On the other hand, in indirect prompt injection, the hacker could insert malicious code into a document. When an LLM processes this document, perhaps to summarize its contents, the hidden code could mislead the LLM into generating false or harmful information.
The risks with prompt injection range from unauthorized data leaks to manipulating automated decisions – highlighting the importance of safeguarding LLMs against such vulnerabilities.
Development and Training Cost
While public LLMs have several disadvantages, establishing a self-hosted LLM introduces its own challenges, primarily financial. Developing and training LLMs, like GPT-3, which cost OpenAI over $4.6 million, require significant data and computing power, making it an expensive investment for any business.
Moreover, deploying and maintaining a self-hosted LLM involves more than just the initial investment in specialized hardware and software, which can amount to around $60,000 over five years for basic setups and up to $95,000 for scalable options. The often prohibitive costs would also include outlays for hiring a team of data scientists and support staff, building an appropriate operating environment for the LLM, and covering ongoing maintenance expenses.
Environmental Impact
Datacenters, essential for housing the servers needed for language processing models, consume a vast amount of energy and contribute considerably to carbon emissions. Models like ChatGPT have a significant environmental impact, with an estimated annual carbon dioxide emission of 8.4 tons.
Another study by the University of California highlighted the water footprint of AI models. It reported that training Microsoft’s GPT-3 model led to the consumption of about 700,000 liters of freshwater in datacenters. This quantity is on par with the water required to produce hundreds of cars. The training process generates considerable heat, necessitating large amounts of freshwater for cooling purposes.

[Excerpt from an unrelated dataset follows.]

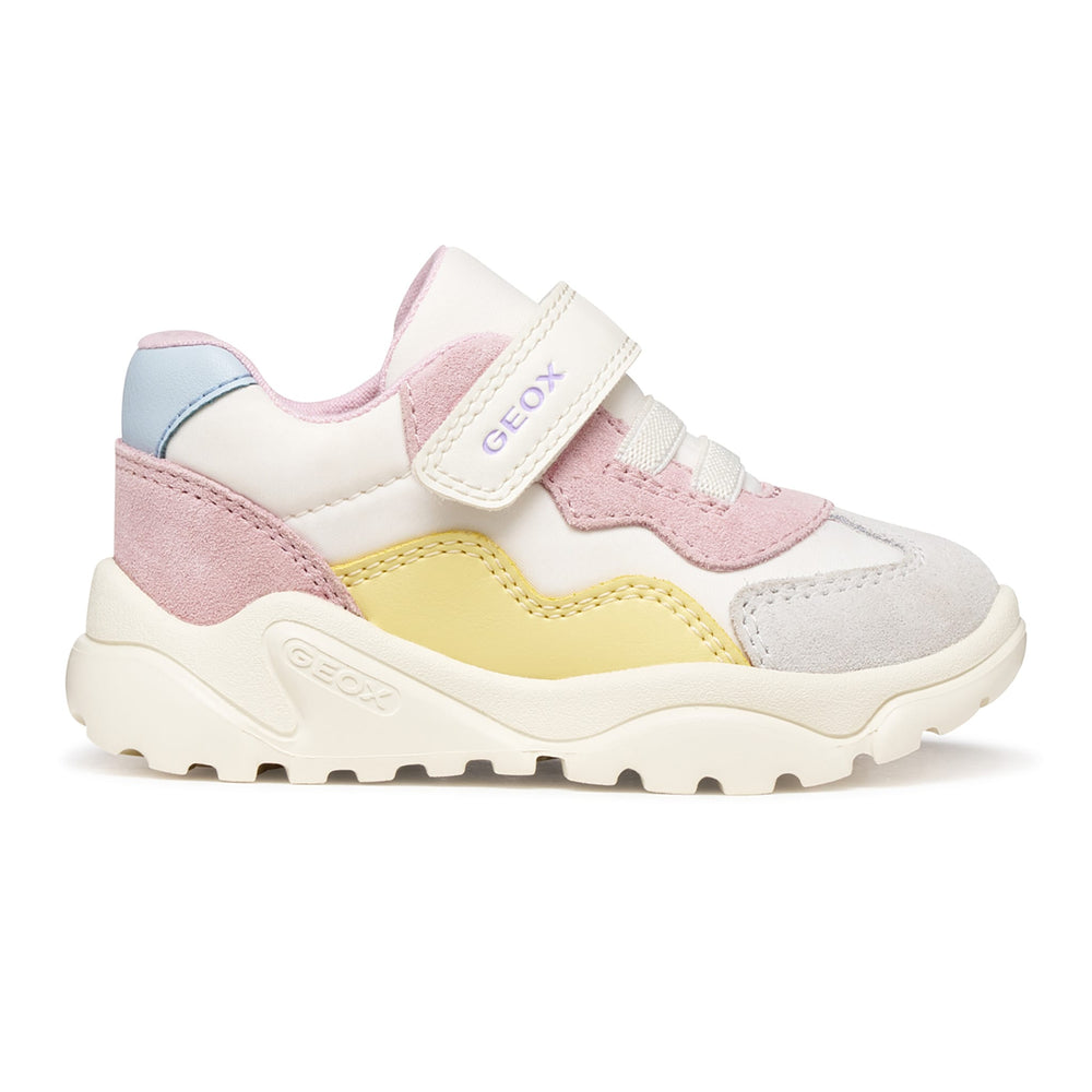 Every child can find the right shoe. GEOX offers everything you need. Thanks to its high level of expertise, GEOX knows exactly what feet require for proper development and well-being at every stage of growth. With its flexible structure and secure, reliable lacing, this little shoe is perfect for encouraging toddlers to stand up, starting from 9 months. Made of rubber, Geox’s evergreen soles are based on an exclusive Geox patent: the combination of a perforated sole and a breathable, waterproof membrane allows natural thermoregulation, creating an ideal microclimate inside the shoe to keep feet dry throughout the day.

As language models grow larger, finding ways to reduce their environmental impact will therefore become crucial for sustainable advancement. However, it is important to note that the environmental and sustainability challenges we face are not exclusive to Large Language Models (LLMs),but are prevalent across the cloud computing technologies landscape.

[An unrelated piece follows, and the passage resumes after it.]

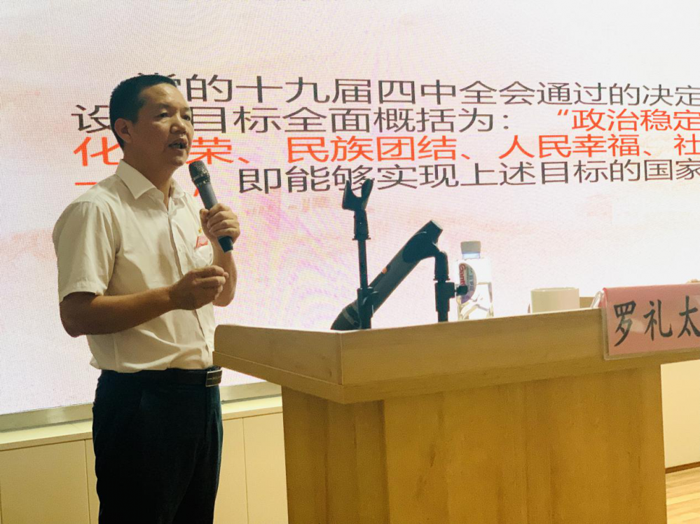 本次活動(dòng)邀請(qǐng)廈門(mén)大學(xué)馬克思主義學(xué)院羅禮太教授進(jìn)行授課。講座中羅教授將習(xí)近平新時(shí)代中國(guó)特色社會(huì)主義思想從形成背景、主要特色、歷史貢獻(xiàn)、理論定位、學(xué)習(xí)貫徹等問(wèn)題進(jìn)行了比較系統(tǒng)的解讀。該講座進(jìn)一步為黨員干部學(xué)習(xí)習(xí)近平新時(shí)代中國(guó)特色社會(huì)主義思想提供了經(jīng)驗(yàn)探索和理論素材。

Collaborative Efforts to Strengthen LLMs: Addressing Flaws and Mitigating Challenges
The rapid growth and accelerating adoption of LLMs signal a transformative shift across industries and segments. It is advised to leverage LLMs cautiously in crucial projects, ensuring they undergo expert scrutiny. The models, however, remain ideal for creative tasks that do not demand the same level of focus as in mission-critical assignments.
As we move forward, it is essential to balance innovation with ethical considerations, ensuring that LLMs are developed and used in ways that benefit society while aiding businesses. Our journey toward overcoming these limitations, therefore, has to be a collective effort involving developers, users, and policymakers. The narrative should include reasons behind the creation of LLMs, examine their current status, and chart a course for their future development and integration.
By tackling these challenges head on, we can harness the full potential of LLMs to create more informed, equitable, and sustainable solutions for the road ahead.